Eine Schlappe musste der oberste General einstecken, als der ursprünglich auf den 4. Juli angesetzte Termin mangels Kandidaten vom Verfassungsrat abgesagt wurde. Stattdessen tragen die Debatten in der Zivilgesellschaft darüber, wie eine Übergangsperiode aussehen könnte, erste Früchte. Am vergangenen Wochenende wurden die Vorstellungen auf einer ersten gemeinsamen Konferenz in Algier der Öffentlichkeit unterbreitet. Sie sind das Ergebnis mehrmonatiger Konsultationen zu politischen, sozialen, ökonomischen und gesellschaftlichen Forderungen, unter anderem von Menschenrechtsgruppen, unabhängigen Gewerkschaften, und Arbeitslosenvereinigungen.

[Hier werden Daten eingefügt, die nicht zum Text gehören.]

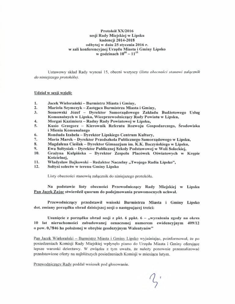 Protokół XX/2016 sesji Rady Miejskiej w Lipsku kadencji 2014-2018 odbytej w dniu 25 stycznia 2016 r. w sali konferencyjnej Urzędu Miasta i Gminy Lipsko w godzinach 10°° - l l 15 Ustawowy skład Rady wynosi 15, obecni wszyscy (lista obecności stanowi załącznik do niniejszego protokółu). Udział w sesji wzięli: 1. 2. 3. 4. 5. 6. 7. 8. 9. 10. 11. 12. Jacek W ielorański - Burmistrz Miasta i Gminy, Mariola Szymczyk - Zastępca Burmistrza Miasta i Gminy, Sosnowski Józef - Dyrektor Samorządowego Zakładu Budżetowego Usług Komunalnych w Lipsku, Wiceprzewodniczący Rady Powiatu w Lipsku, Morgaś Kazimierz - Radny Rady Powiatowej w Lipsku, Kusio Grzegorz - Kierownik Referatu Rozwoju Gospodarczego, Środowiska i Mienia Komunalnego Ronduda Izabela - Dyrektor Lipskiego Centrum Kultury, Maria M arek - Dyrektor Przedszkola Publicznego Samorządowego w Lipsku, Magdalena Cieślak - Dyrektor Gimnazjum im. K.K. Baczyńskiego w Lipsku, Ewa Sołtysiak - Dyrektor Publicznej Szkoły Podstawowej w Woli Soleckiej, Grażyna Kulpióska - Dyrektor Zespołu Placówek Oświatowych w Krępie Kościelnej, W ładysław Bajkowski - Redaktor Naczelny „Twojego Radia Lipsko”, Sołtysi sołectw w terenu Gminy Lipsko Listy obecności stanowią załącznik do niniejszego protokółu. Na podstawie listy obecności Przewodniczący Rady Miejskiej w Pan Jacek Zając stwierdził ąuorum do podejmowania prawomocnych uchwał. Lipsku Przewodniczący przedstawił wnioski Burmistrza Miasta dot. zmiany porządku obrad dzisiejszej sesji o następującej treści: Lipsko i Gminy Usunięcie z porządku obrad sesji z pkt. 6 ppkt. 6 — „wyrażenia zgody na okres 10 lat nieruchomości zabudowanej oznaczonej numerem ewidencyjnym 409/12 o pow. 0,7846 ha położonej w obrębie geodezyjnym W alentynów” Pan Jacek Wielorański - Burmistrz Miasta i Gminy Lipsko wyjaśniając, poinformował, że po posiedzeniach Komisji Rady Miejskiej wpłynęło pismo do Urzędu Miasta i Gminy oferujące lepsze warunki dzierżawy. W związku z tym uważa, że należy ponownie przeanalizować przedstawione oferty na najbliższych posiedzeniach Komisji w miesiącu lutym. Przewodniczący Rady poddał wniosek pod głosowanie. W glosowaniu jawnym jednogłośnie radni przyjęli do realizacji zgłoszony wniosek. Przewodniczący przedstawił kolejne wnioski o wprowadzenie do porządku obrad sesji: Wprowadzenie do punktu 6 ppkt.: 1. 9) ustalenia kryteriów wraz z liczbą punktów w postępowaniu rekrutacyjnym do publicznych szkól podstawowych prowadzonych przez Miasto i Gminę Lipsko, 2. 10) ustalenia kryteriów wraz z liczbą punktów w postępowaniu rekrutacyjnym do publicznych gimnazjów prowadzonych przez Miasto i Gminę Lipsko, 3. 11) wyrażenia woli przekazania nieruchomości niezabudowanej położonej w obrębie geodezyjnym Lipsko. Przewodniczący Rady Pan Jacek Zając poddał pod głosowanie wnioski w kolejności zgłoszenia: W glosowaniu jawnym jednogłośnie radni przyjęli do realizacji wniosek 1. W głosowaniu jawnym jednogłośnie radni przyjęli do realizacji wniosek 2. W głosowaniu jawnym jednogłośnie radni przyjęli do realizacji wniosek 3. W głosowaniu jawnym jednogłośnie radni przyjęli do realizacji następujący porządek posiedzenia: 1. Otwarcie obrad. 2. Przyjęcie protokółu z obrad sesji z dnia 21 grudnia 2015 r. 3. Przyjęcie protokółu z obrad sesji z dnia 30 grudnia 2015 r. 4. Informacja Burmistrza Miasta i Gminy Lipsko na temat działalności w okresie od 21 grudnia 2015 r. do 25 stycznia 2016 r. 5. Interpelacje i wnioski radnych. 6. Podjęcie uchwał w sprawie: 1) Zatwierdzenia planu pracy Rady Miejskiej na rok 2016, 2) Zatwierdzenia planu pracy Komisji Rewizyjnej Rady Miejskiej w Lipsku na rok 2016, 3) Zatwierdzenia planów pracy stałych Komisji Rady Miejskiej na rok 2016, 4) Upoważnienia Burmistrza Miasta i Gminy Lipsko do złożenia wniosku oraz przyjęcia do realizacji przedsięwzięcia pt. „Budowa punktu selektywnej zbiórki odpadów komunalnych w Lipsku”, 5) Upoważnienia Burmistrza Miasta i Gminy Lipsko do złożenia wniosku oraz przyjęcia do realizacji przedsięwzięcia pt. „Budowa kanalizacji sanitarnej w ramach aglomeracji Lipsko”, 6) Ustalenia wysokości diet dla sołtysów, 7) Ustalenia kryteriów wraz z liczbą punktów w postępowaniu rekrutacyjnym do publicznych przedszkoli i oddziałów przedszkolnych w szkołach podstawowych prowadzonych przez Miasto i Gminę Lipsko. 8) Ustalenia kryteriów wraz z liczbą punktów w postępowaniu rekrutacyjnym do publicznych szkół podstawowych prowadzonych przez Miasto i Gminę Lipsko, 9) Ustalenia kryteriów wraz z liczbą punktów w postępowaniu rekrutacyjnym do publicznych gimnazjów prowadzonych przez Miasto i Gminę Lipsko, 10) Wyrażenia woli przekazania nieruchomości niezabudowanej położonej w obrębie geodezyjnym Lipsko. 7. Wnioski i zapytania sołtysów. 8. Wolne wnioski. 2 9. Sprawy różne. 10. Zamknięcie obrad sesji. Ad. 2. W głosowaniu jawnym jednogłośnie radni przyjęli protokół z obrad sesji z dnia 21 grudnia 2015 r. nie zgłaszając żadnych uwag. Ad. 3. W głosowaniu jawnym jednogłośnie radni przyjęli protokół z obrad sesji z dnia 30 grudnia 2015 r. nie zgłaszając żadnych uwag. Ad. 4. Burmistrz Miasta i Gminy Lipsko Pan Jacek Wielorański przedstawił i omówił informację na temat działalności w okresie od 21 grudnia 2015 r. do 25 stycznia 2016 r. Materiał stanowi załącznik do niniejszego protokółu. Ad. 5. Madejski Roman - zwrócił się z zapytaniem czy przekazanie zalewu na Skarb Państwa będzie również obejmowało teren wokół zalewu. Nadmienił, iż to Miasto i Gmina dokonała zagospodarowania terenu. Jacek Wielorański w odpowiedzi - poinformował, że nastąpi przekazanie całości tj. lustro wody wraz z otaczającym terenem i jazem (tamą piętrzącą wodę), celem będzie również odmulenie zalewu. Nadmienił, iż Skarb Państwa nie wykazuje zbytniego zainteresowania przejęciem terenu wokół z

Gemeinsames Ziel sei eine »neue soziale und pluralistische Republik, die auf Rechtsstaatlichkeit gegründet und weltoffen ist« heißt es in dem Positionspapier. Danach soll ein aus einer oder mehreren Personen bestehendes präsidiales Gremium eine Übergangsphase leiten, die bis zu einem Jahr dauert. Eine »Regierung der nationalen Kompetenz« soll die laufenden Aufgaben des Staates in die Hand nehmen.

Der demokratische Übergang soll durch Wahlen erfolgen, »die dem diktatorischen und korrupten System ein Ende setzen und die Schaffung legitimer und glaubwürdiger Institutionen garantieren sollen«. Diese Wahlen sollen von einer unabhängigen Kommission organisiert, durchgeführt und überwacht werden. Zugleich sieht die Initiative vor, einen nationalen Dialog aller politischen Akteure, Vertretern der Zivilgesellschaft und Aktivisten der gegenwärtigen Volkserhebung einzuleiten, der in eine nationale Konferenz münden soll.

Bereits im Vorfeld hatten die Initiatoren die Freilassung der vor und seit Ausbruch der Massenproteste inhaftierten Regimegegner sowie ein Ende der Repressionen während der Demonstrationen gefordert. Auch am vergangenen Freitag hatte die Polizei erneut mehrere Demonstrierende festgenommen, öffentliche Plätze gesperrt und Zugangsstraßen zur Hauptstadt blockiert. Ungeachtet dessen werden für diese Woche weitere landesweite Proteste, darunter von Studierenden und Hochschullehrern erwartet.